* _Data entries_
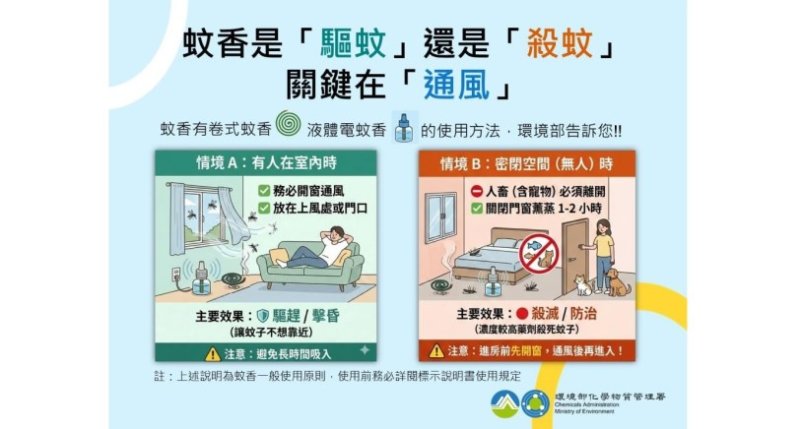 天氣轉熱,蚊蟲擾人,許多民眾習慣使用蚊香來換取一夜好眠,並以為用了蚊香就能將蚊子全數殺光。環境部提醒,常見蚊香有液體電蚊香、卷式蚊香二種,主要成分多為除蟲菊精類,效果取決於使用環境的「通風程度」與「密閉與否」,民眾應掌握「人若在室內要通風」、「人畜離開才密閉」的正確觀念,才能安全又有效。
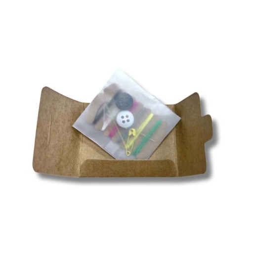 Przybornik wykonany został z papieru, dzięki czemu jest bardziej ekologiczny od swojej poprzedniej, plastikowej wersji. Przybornik zawiera: agrafkę igłę nici - różne kolory guziki
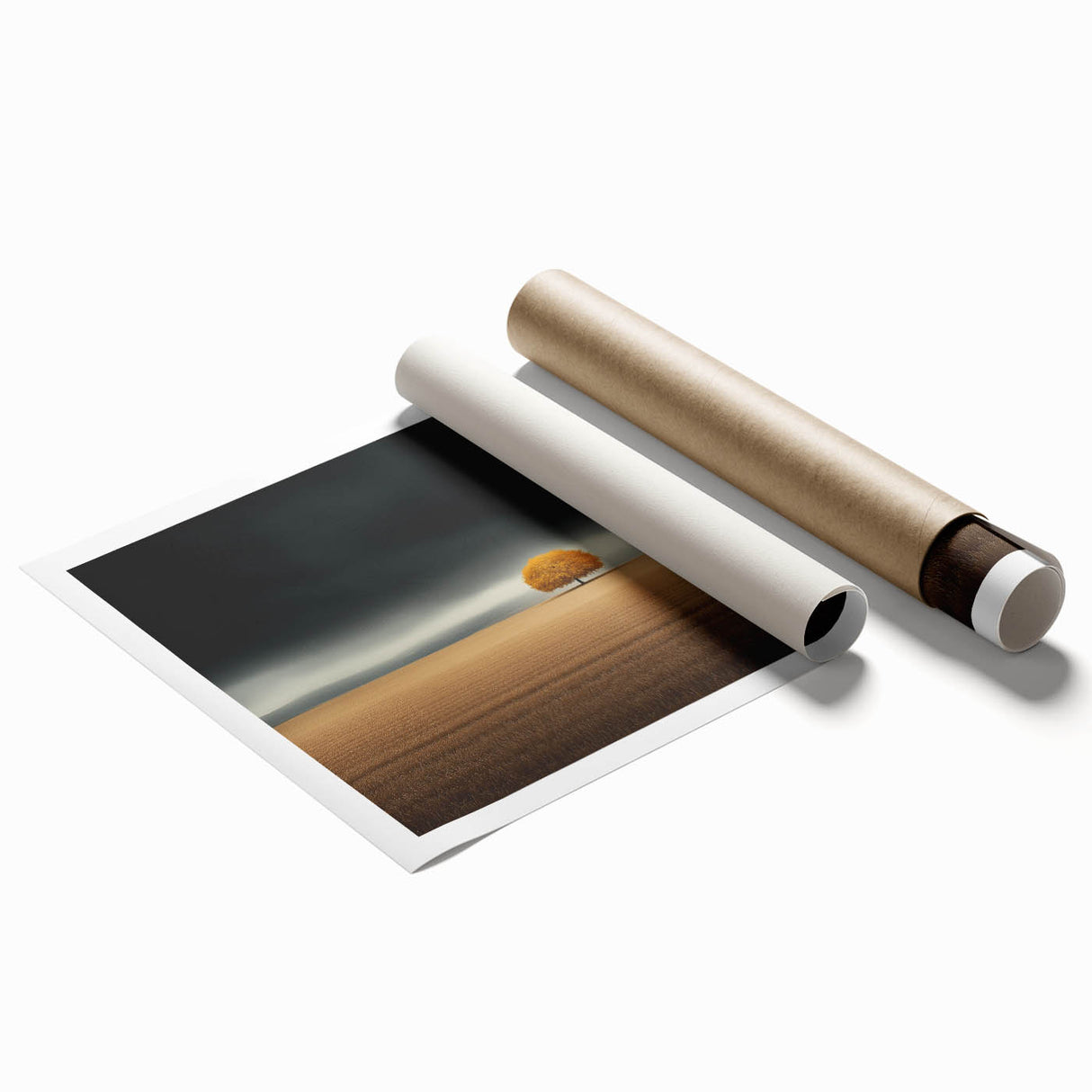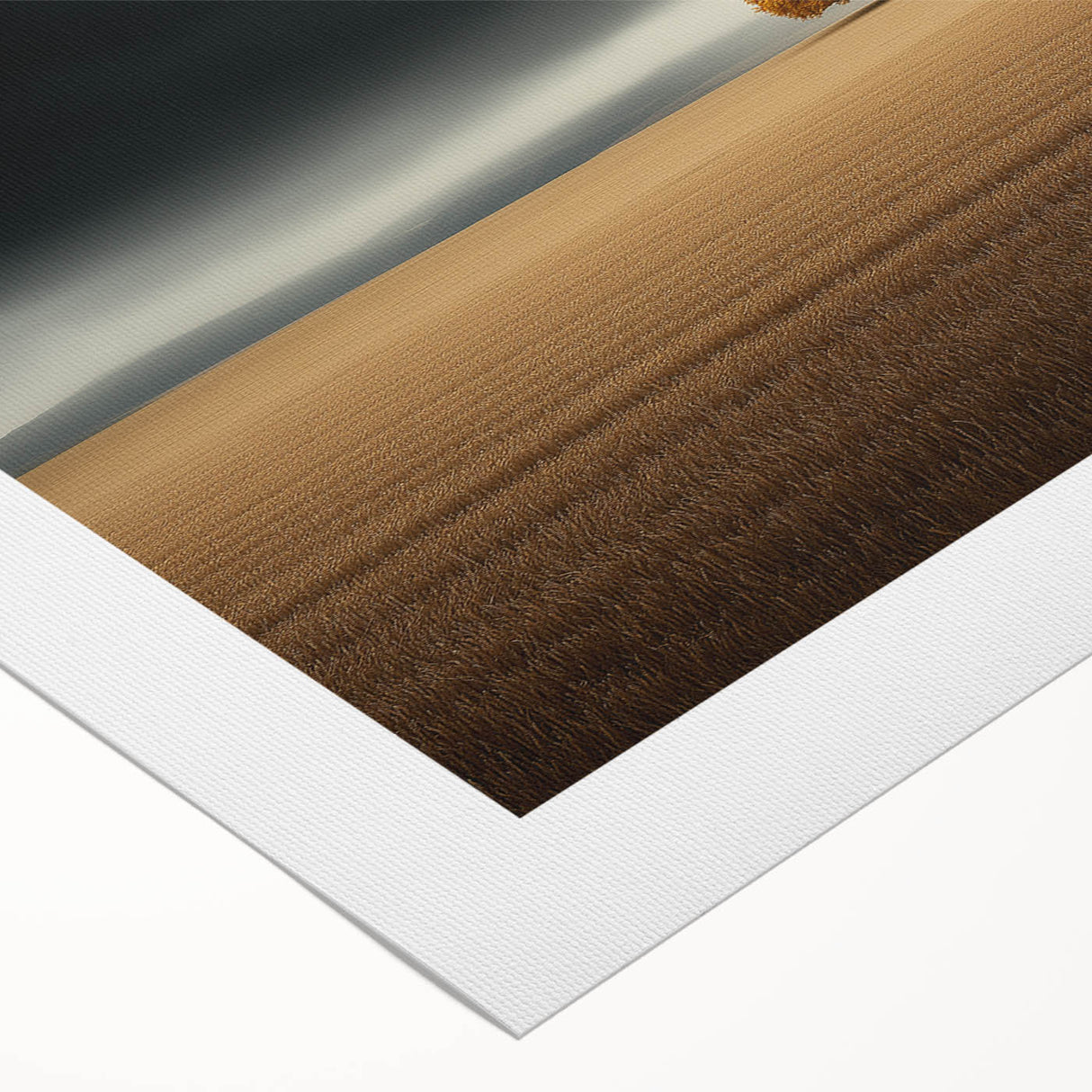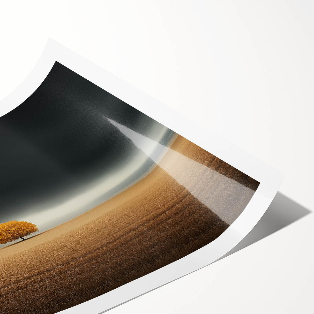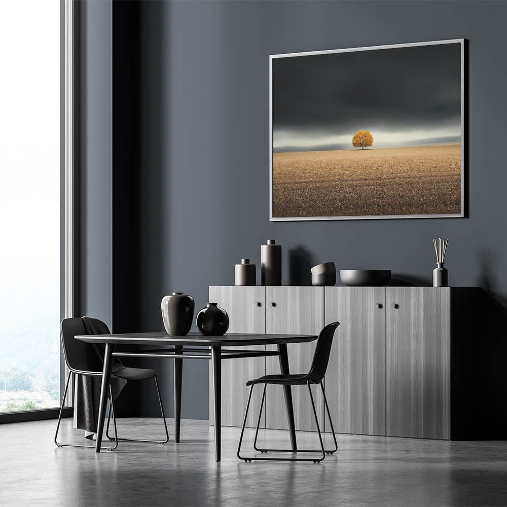 Capture the beauty of contrast with this striking tree art print, featuring a solitary golden tree standing in a vast wheat field under a dramatic dark sky. The deep interplay of gold, black, and beige creates a powerful yet serene ambiance, making this landscape art print an unforgettable addition to any space. Whether you love nature-inspired wall art or are drawn to bold and moody scenery, this forest art print is a masterpiece of depth and emotion.
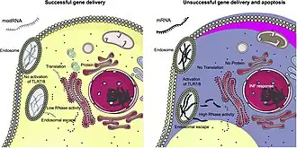 Izquierda: la entrega del gen mediante el modARN tiene éxito al no provocar la activación de la respuesta inmune y escapa de la degradación mediante Ribonucleasa.
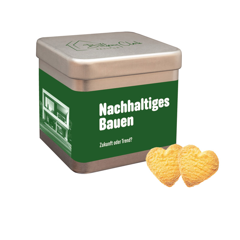 Silbermatte, quadratische Dose mit drei Veredelungsoptionen: Sie haben die Wahl zwischen Direkt-Digitaldruck auf dem Deckel, einem vierfarbigen 4-C-Etikett am Korpus oder einer Kombination aus beiden Veredelungen für maximale Markenwirkung.. Befüllt wird diese kompakte Dose mit Butterherzen der Marke Coppenrath. Der Vorteil bei dieser Füllung ist, dass man die Dose zu jeder Jahreszeit einsetzen kann. Ob Sommer, Herbst, Winter oder Frühling, diese Butterherzen sind ein Genuss für jeden Gaumen.
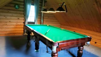 Отдельно стоящая Баня 2 этажа, на первом - комната отдыха, туалет, парная - печь Харвиа на дровах, душевая с теплым полом, на втором - бильярд американский пул 9 футов.
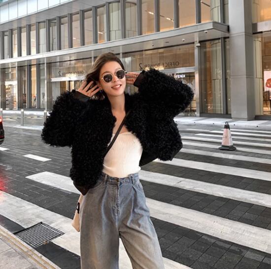 ボアジャケット レディース アウター 羽織 ボアコート ショート丈ジャケット クロップド丈 長袖ジャケット ふわふわ もこもこ ラウンドネック ボリューム 黒 ブラック カジュアル おしゃれ お出かけ
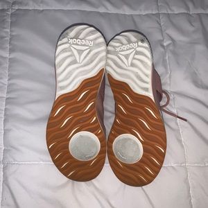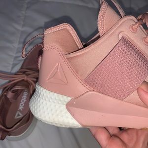 Stylish Reebok athletic shoes. Features a sleek pink design. Comfortable and durable.
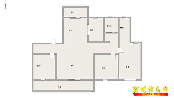 - 政务区多层2楼120平方南北通透户型
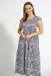 Платье трапециевидного силуэта, расширенное к низу; рукав цельновыкроенный короткий
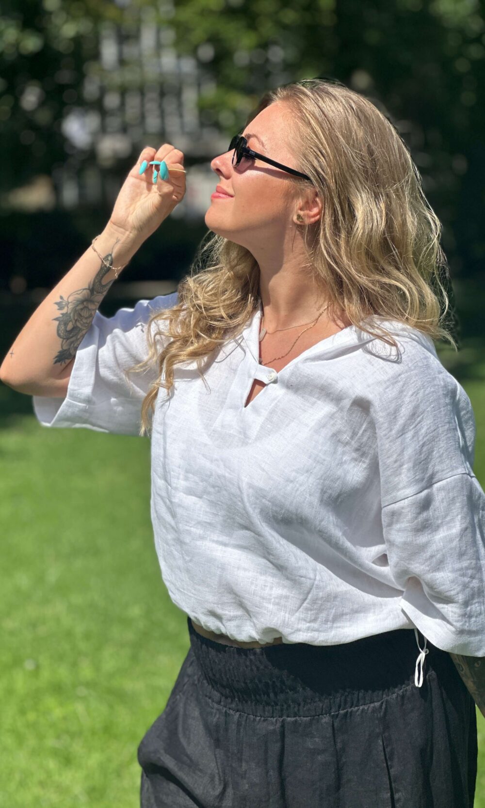 Sehr gutes Material, gut geschnitten, für den Alltag mit Turnschuhen und Jeansjacke oder schicken Schuhen und einer Hemdbluse. Ich trage Größe 40, habe die M/L genommen und sie ist perfekt - etwas locker, aber genau das, was ich gesucht habe. Ich liebe sie jetzt schon!

* _What to produce_
Repeat the preceding records exactly but drop the images.

* _Solution for this exercise_
 天氣轉熱,蚊蟲擾人,許多民眾習慣使用蚊香來換取一夜好眠,並以為用了蚊香就能將蚊子全數殺光。環境部提醒,常見蚊香有液體電蚊香、卷式蚊香二種,主要成分多為除蟲菊精類,效果取決於使用環境的「通風程度」與「密閉與否」,民眾應掌握「人若在室內要通風」、「人畜離開才密閉」的正確觀念,才能安全又有效。
 Przybornik wykonany został z papieru, dzięki czemu jest bardziej ekologiczny od swojej poprzedniej, plastikowej wersji. Przybornik zawiera: agrafkę igłę nici - różne kolory guziki
 Capture the beauty of contrast with this striking tree art print, featuring a solitary golden tree standing in a vast wheat field under a dramatic dark sky. The deep interplay of gold, black, and beige creates a powerful yet serene ambiance, making this landscape art print an unforgettable addition to any space. Whether you love nature-inspired wall art or are drawn to bold and moody scenery, this forest art print is a masterpiece of depth and emotion.
 Izquierda: la entrega del gen mediante el modARN tiene éxito al no provocar la activación de la respuesta inmune y escapa de la degradación mediante Ribonucleasa.
 Silbermatte, quadratische Dose mit drei Veredelungsoptionen: Sie haben die Wahl zwischen Direkt-Digitaldruck auf dem Deckel, einem vierfarbigen 4-C-Etikett am Korpus oder einer Kombination aus beiden Veredelungen für maximale Markenwirkung.. Befüllt wird diese kompakte Dose mit Butterherzen der Marke Coppenrath. Der Vorteil bei dieser Füllung ist, dass man die Dose zu jeder Jahreszeit einsetzen kann. Ob Sommer, Herbst, Winter oder Frühling, diese Butterherzen sind ein Genuss für jeden Gaumen.
 Отдельно стоящая Баня 2 этажа, на первом - комната отдыха, туалет, парная - печь Харвиа на дровах, душевая с теплым полом, на втором - бильярд американский пул 9 футов.
 ボアジャケット レディース アウター 羽織 ボアコート ショート丈ジャケット クロップド丈 長袖ジャケット ふわふわ もこもこ ラウンドネック ボリューム 黒 ブラック カジュアル おしゃれ お出かけ
 Stylish Reebok athletic shoes. Features a sleek pink design. Comfortable and durable.
 - 政务区多层2楼120平方南北通透户型
 Платье трапециевидного силуэта, расширенное к низу; рукав цельновыкроенный короткий
 Sehr gutes Material, gut geschnitten, für den Alltag mit Turnschuhen und Jeansjacke oder schicken Schuhen und einer Hemdbluse. Ich trage Größe 40, habe die M/L genommen und sie ist perfekt - etwas locker, aber genau das, was ich gesucht habe. Ich liebe sie jetzt schon!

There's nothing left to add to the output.